Мальчик растрогался. Не все дошло до него, не все он понял до конца, но доброта переполнила его сердце:
— Долгой жизни твоему Чокану и счастья!
— Аминь! Да сбудутся твои слова.
В глазах Танатара появились слезы.
— Не буду я больше думать о мести. Это твой ханский род меня озлобил. Я был добрым человеком. И брат мой Тунгатар. Ничего мы плохого не замышляли. Любили веселье, работу, степь. И вот что с нами сделали, сам видишь. Если бы не рыба, давно бы ноги протянул. И живем и не живем, мальчик! Я думаю только об одном: пусть мой ребенок увидит то, чего мне не удалось повидать. Пусть моему Чокану бог поможет.
… Было уже совсем светло. Тучи разошлись. Первые лучи коснулись тальника, сквозь камыш засеребрились в озере, осветили усталое лицо Танатара с глубоко запавшими глазами, с густой проседью в усах.
— Пора возвращаться, мальчик.
— Макул! — произнес, как взрослый, слово согласия Чокан.
— Не жди больше от меня вреда, мальчик. Я как друг тебе. И рад бы тебе в чем помочь, но нет у меня сил для этого.
И Чокан иными глазами смотрел на Танатара-ага.
Обратный путь сквозь заросли камыша по озеру был куда более легким.
… В это же самое время на другом берегу, сидя на опрокинутой лодке, Чингиз с Курагиным тоже уплетали рыбу.
Чингиз ел нехотя, медленно, через силу. Все его мысли были заняты исчезнувшим Чоканом, хотя Курагин и сказал ему, что он тревожится понапрасну. Да и утомила его эта несуразная ночь.
Сам рыбацкий атаман, видимо, чувствовал себя отлично. Ни ядовитый спирт, ни бессонные сутки не сказались на нем. Ел он с удивительным аппетитом, хватал одну рыбу за другой, быстро и ловко обгладывая кости.

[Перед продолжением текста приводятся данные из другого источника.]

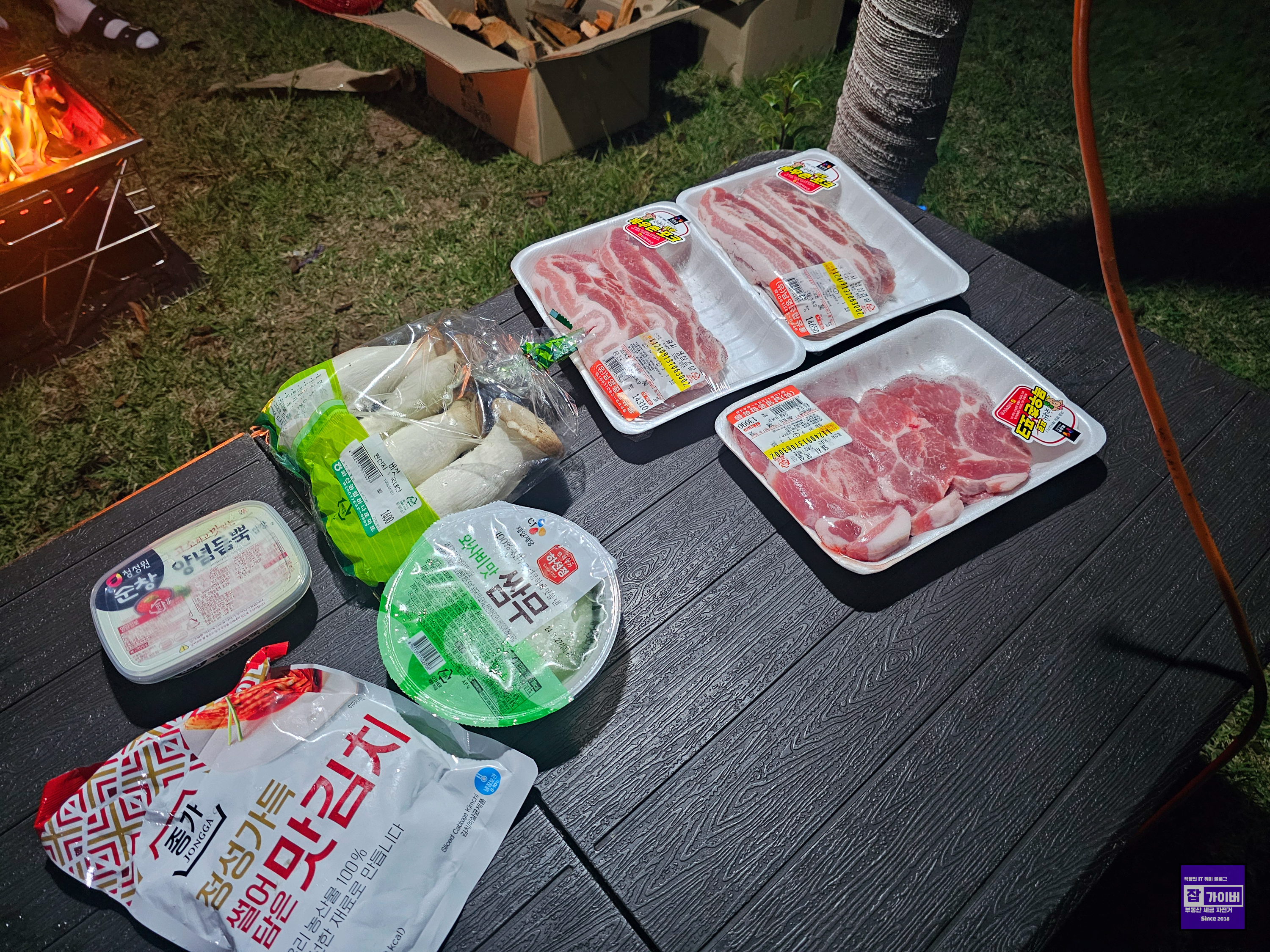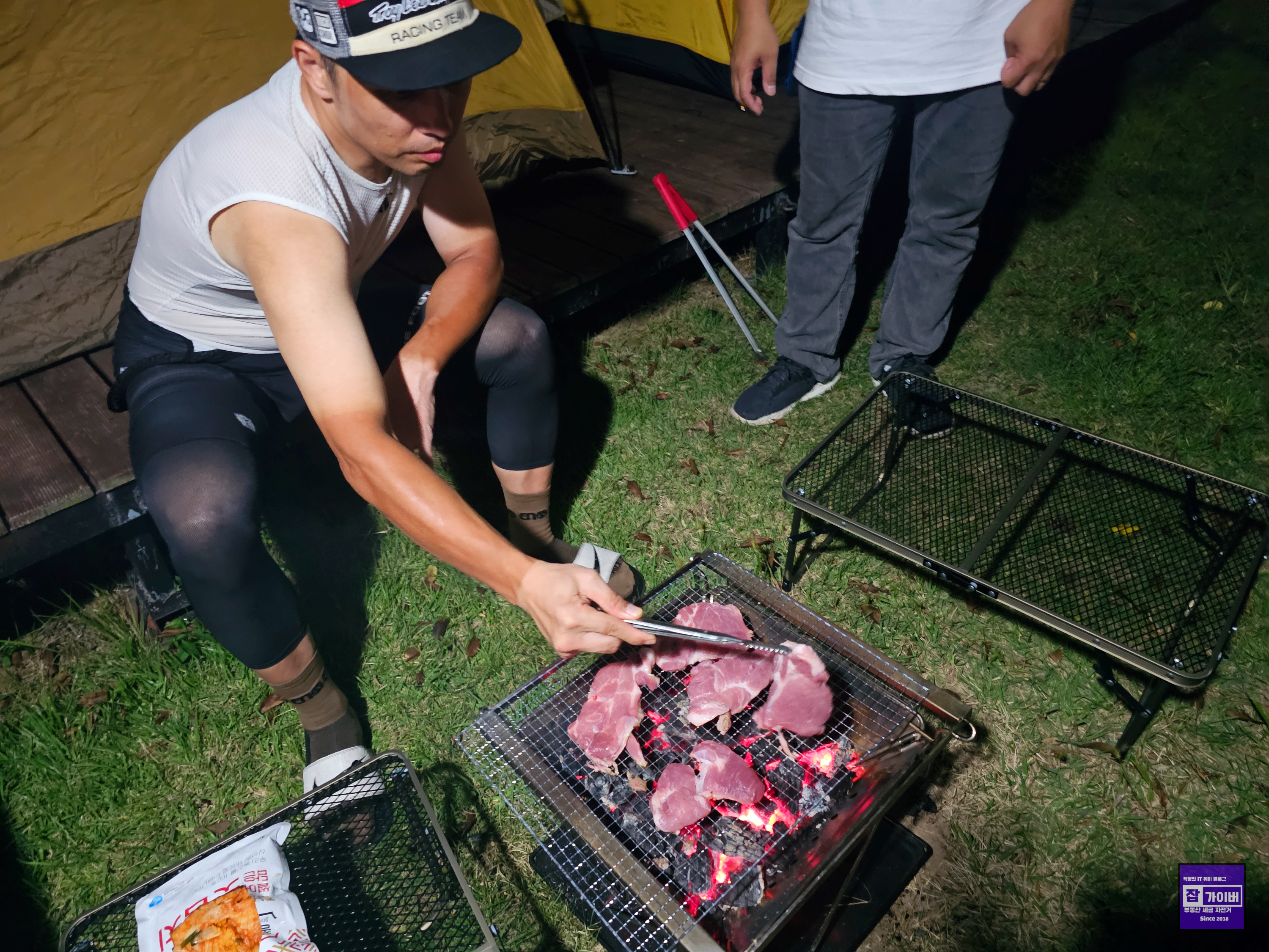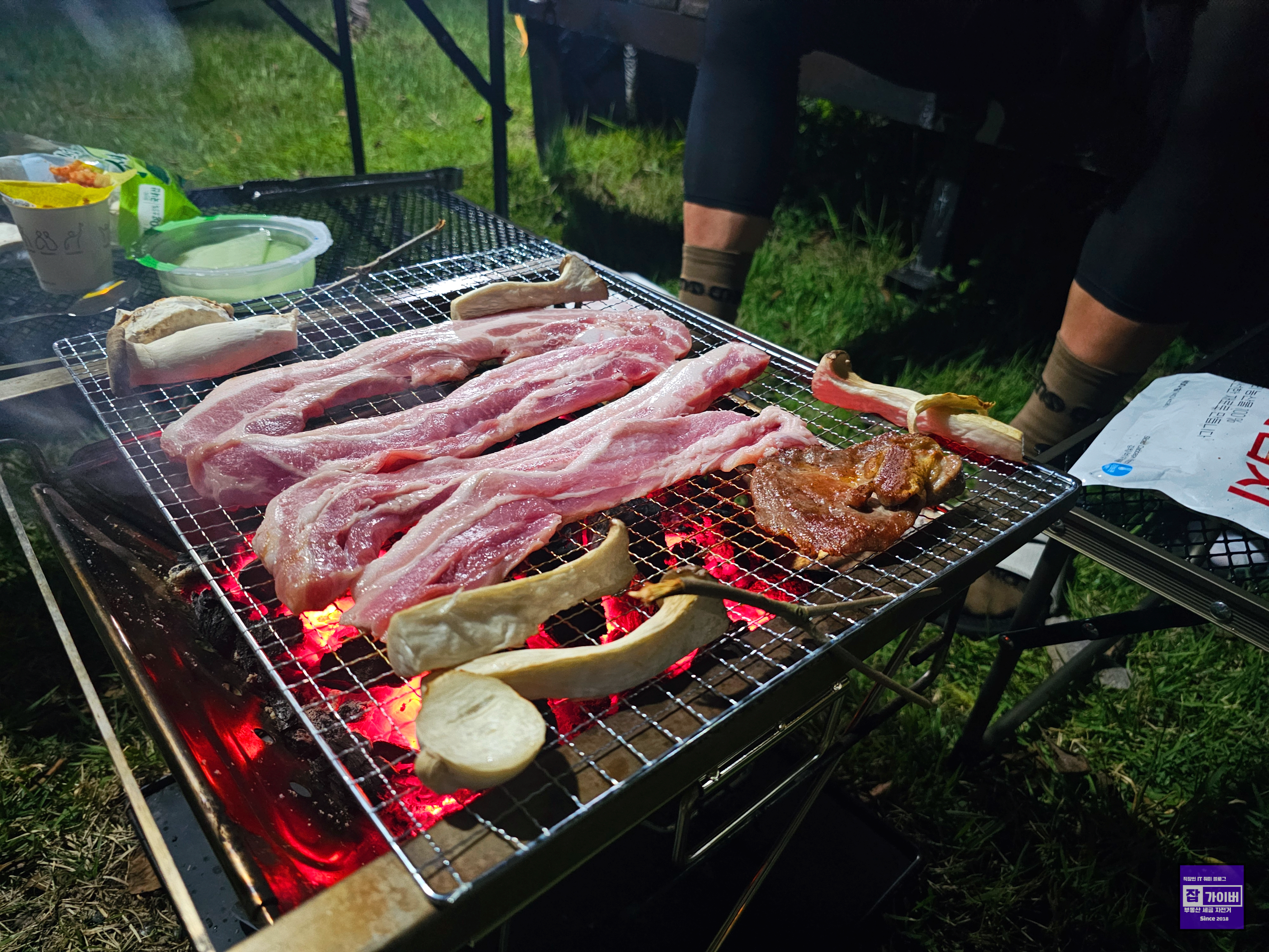 맛있게 구운 고기에서 풍겨 나오는 은은한 숯 향과 바다를 배경으로 하는 캠핑장의 낭만적인 분위기가 어우러져 최고의 저녁을 만들었습니다.
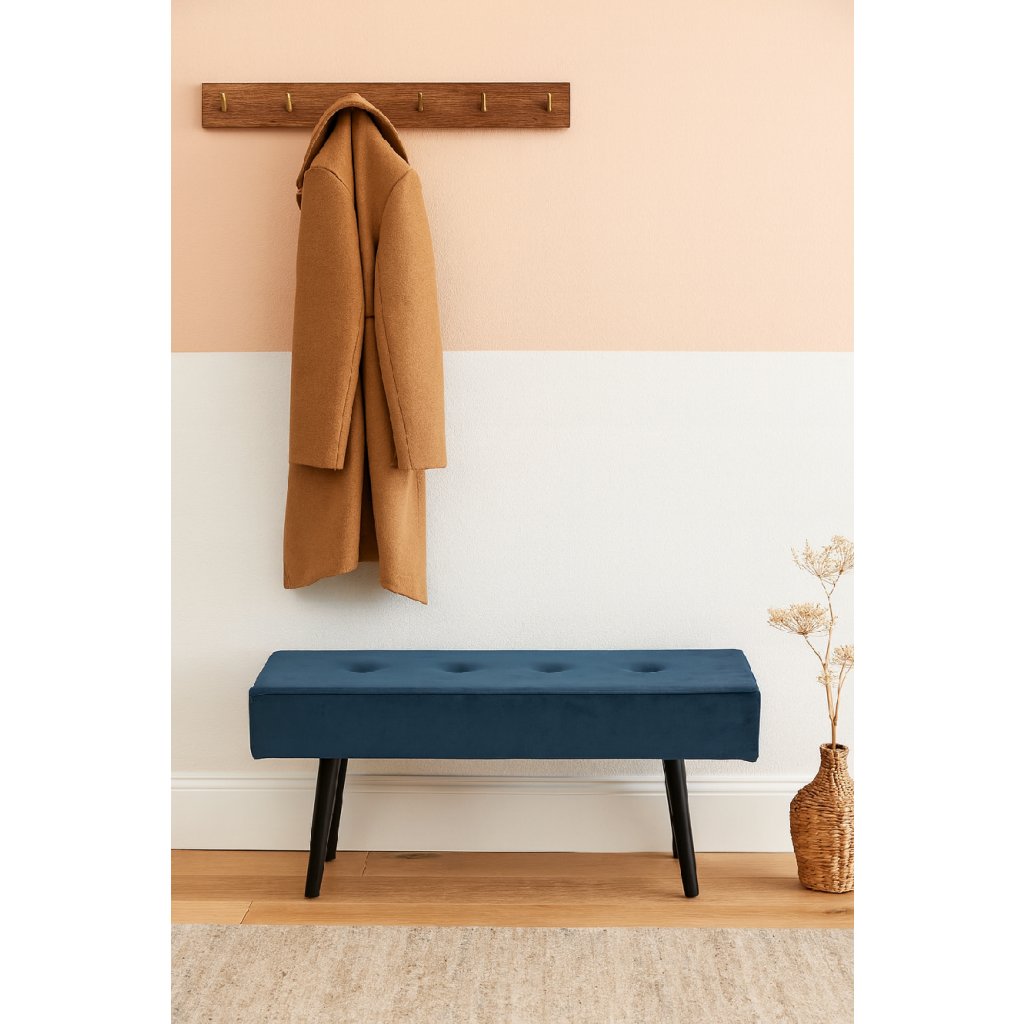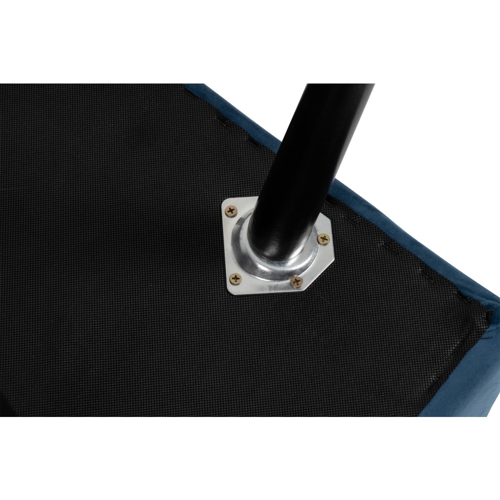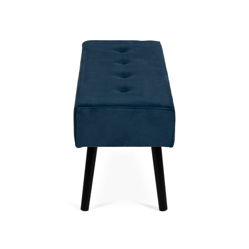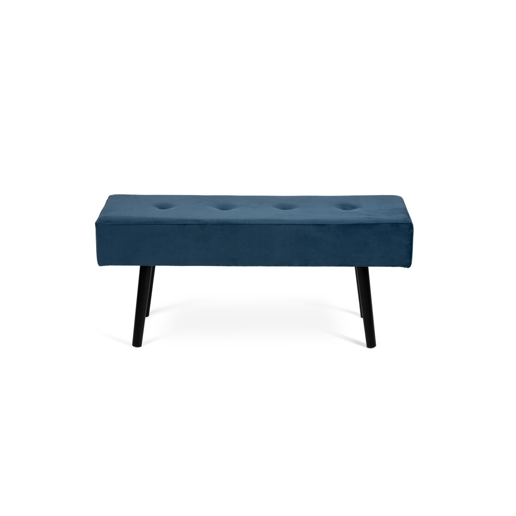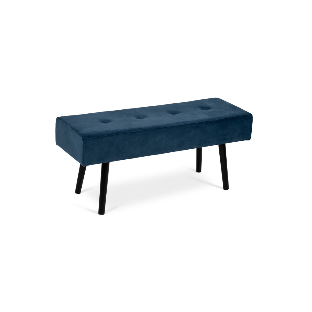 MDF, molitan s modrým sametovým potahem, nohy z borovicového dřeva v černé barvě, 100X35x43 cm.
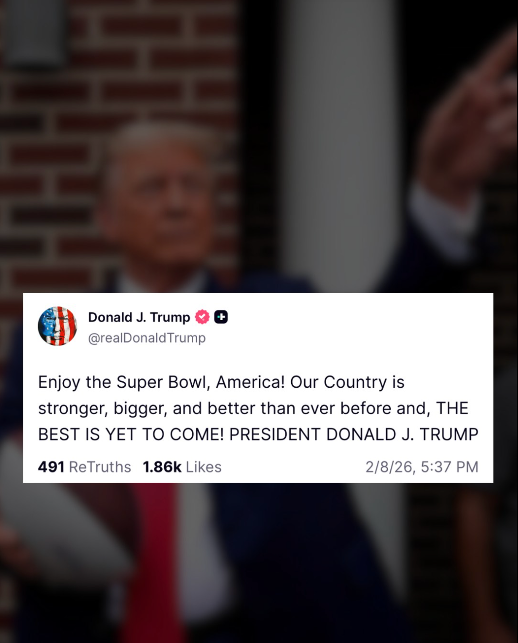Ωστόσο, το θέαμα δεν ικανοποίησε τον Πρόεδρο των Ηνωμένων Πολιτειών. Ο Ντόναλντ Τραμπ, χρησιμοποιώντας την πλατφόρμα του Truth Social, εξαπέλυσε σφοδρή επίθεση κατά του καλλιτέχνη και των διοργανωτών του NFL.
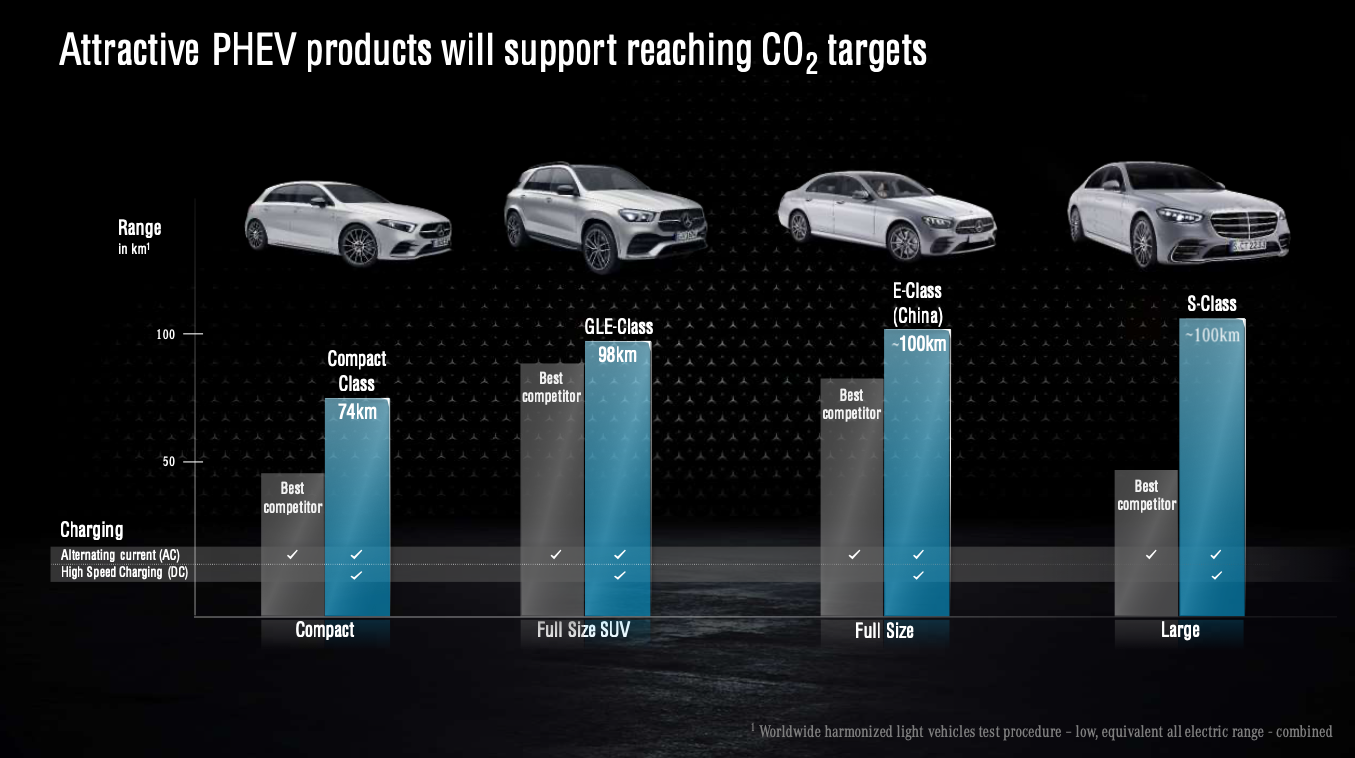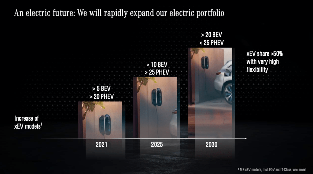 Egal wie man auf die Zahlen schaut, Mercedes setzt vor allem auf Plug-In-Hybride, die auch nur in unambitionierten Zeiträumen und Mengen auf den Markt kommen sollen. Erst 2030 erwartet Daimler , dass mehr als 50 Prozent der eigenen Fahrzeuge irgendwie elektrifiziert sind.

Чингиз присмотрелся к нему и неожиданно обнаружил в Курагине сходство со львом, которого он видел еще в дни учения в Омске в бродячем зверинце. Сходство усиливали и загривок, и усы, и бородка. Да и сила у него была львиная. Рассказывали, лев, настигнув кулана, одним ударом своей лапы переламывает ему спинной хребет. И Курагин, если размахнется как следует, спину может перешибить. Ну и ручищи у него — широкие, грубые, крепкие.
— Сколько пудов ты можешь поднять?
— Двадцать пять — тридцать — свободно! — улыбнулся Курагин. — Это нам сподручно, ваше благородие.
«Силен же ты, шайтан», — подумал Чингиз. И опять мысль о Чокане бросила его в жар.
А Курагин вдосталь наелся, и ему не терпелось поговорить с человеком, которого он считал хоть инородцем, но образованным да к тому же подполковником русской армии.